Table 2 Detection limit and quantitation limit of capsaicin (0.1 mg/kg)
3.3 Precision
Configure a mixed standard solution of 0.5 ng/mL and 10 ng/mL capsaicin, and inject the sample 6 times continuously to check the repeatability of retention time and peak area. The results are as shown in the figure below: the RSD of the retention time is less than 0.1%, and the RSD of the peak area is less than 4.9 %, the instrument precision is good.
Figure 3 Retention time and peak area stability of 0.5 and 10 ng/mL mixed standard solutions
3.4 Sample test
Take 1g soybean oil sample (n=3), pre-process according to section 2.3 and then run the test on the machine.
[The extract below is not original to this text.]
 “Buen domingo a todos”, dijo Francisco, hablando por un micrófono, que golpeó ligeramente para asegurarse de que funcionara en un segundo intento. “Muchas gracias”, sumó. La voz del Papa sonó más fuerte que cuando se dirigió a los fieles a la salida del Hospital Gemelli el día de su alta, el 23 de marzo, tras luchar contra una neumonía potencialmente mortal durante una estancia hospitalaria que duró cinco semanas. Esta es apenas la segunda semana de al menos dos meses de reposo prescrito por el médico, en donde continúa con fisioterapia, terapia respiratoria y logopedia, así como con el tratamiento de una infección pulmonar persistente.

The blank and sample test results are as shown in the figure below: within the corresponding retention time, none of the three capsaicinoids were detected.
Figure 4 TIC spectra of blank and soybean oil samples
Figure 5 Soybean oil sample batch processing
Figure 6 50 ng/mL soybean oil sample spiked MRM overlay spectrum
3.5 Accuracy
Select capsaicin compound standard solutions with spiked concentrations of 5 and 40 ng/mL, use the same sample processing method, and inject 4 consecutive injections to examine the recovery rate of each concentration. The results are shown in the figure below: the recovery rate is above 70%.
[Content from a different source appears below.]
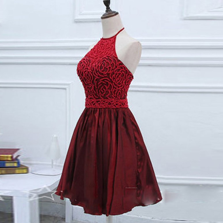A Line Dark Red Homecoming Dresses Sheer Back Sleeveless Crystal
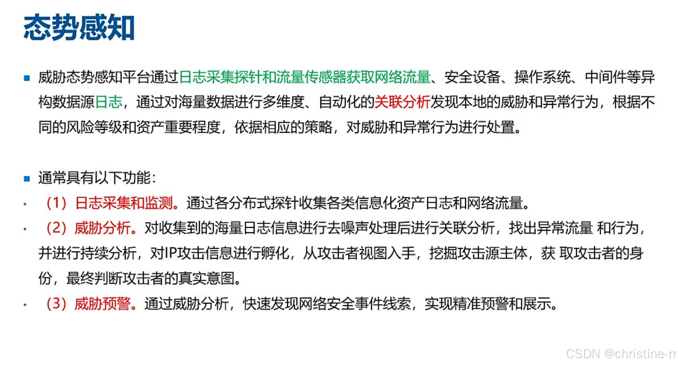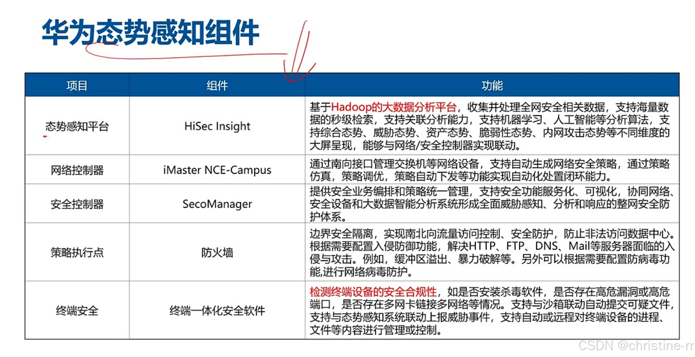 态势感知平台 | 大数据分析日志+流量,可视化展示威胁,支持联动响应(实际落地效果有限) | 核心组件: - 日志采集(防火墙/EDR); - 流量探针(硬件/华为内置); - 分析引擎(Hadoop) | ⭐⭐⭐⭐ |

Figure 7 Edible fat spiked recovery rate batch processing
4 Conclusion
This article established a method for the determination of capsaicin compounds in edible oils using the EXPEC 5210 triple quadrupole liquid mass spectrometer of EXPEC Technology, to examine the linearity, sensitivity, precision and recovery rate of the method. The results show that: the standard curves of the three capsaicin compounds have good linearity in the range of 0.1-100 ng/mL, and the correlation coefficients R2 are all greater than 0.995; The detection limit is 0.012-0.015 g/kg, the quantification limit is 0.039-0.050 g/kg; the retention time RSD is within 0.1%, and the peak area RSD is within 4.9%; The standard recovery rate is above 70%; all meet the standard requirements. This method can perform rapid, accurate and sensitive quantitative analysis of capsaicin compounds in edible oils and fats.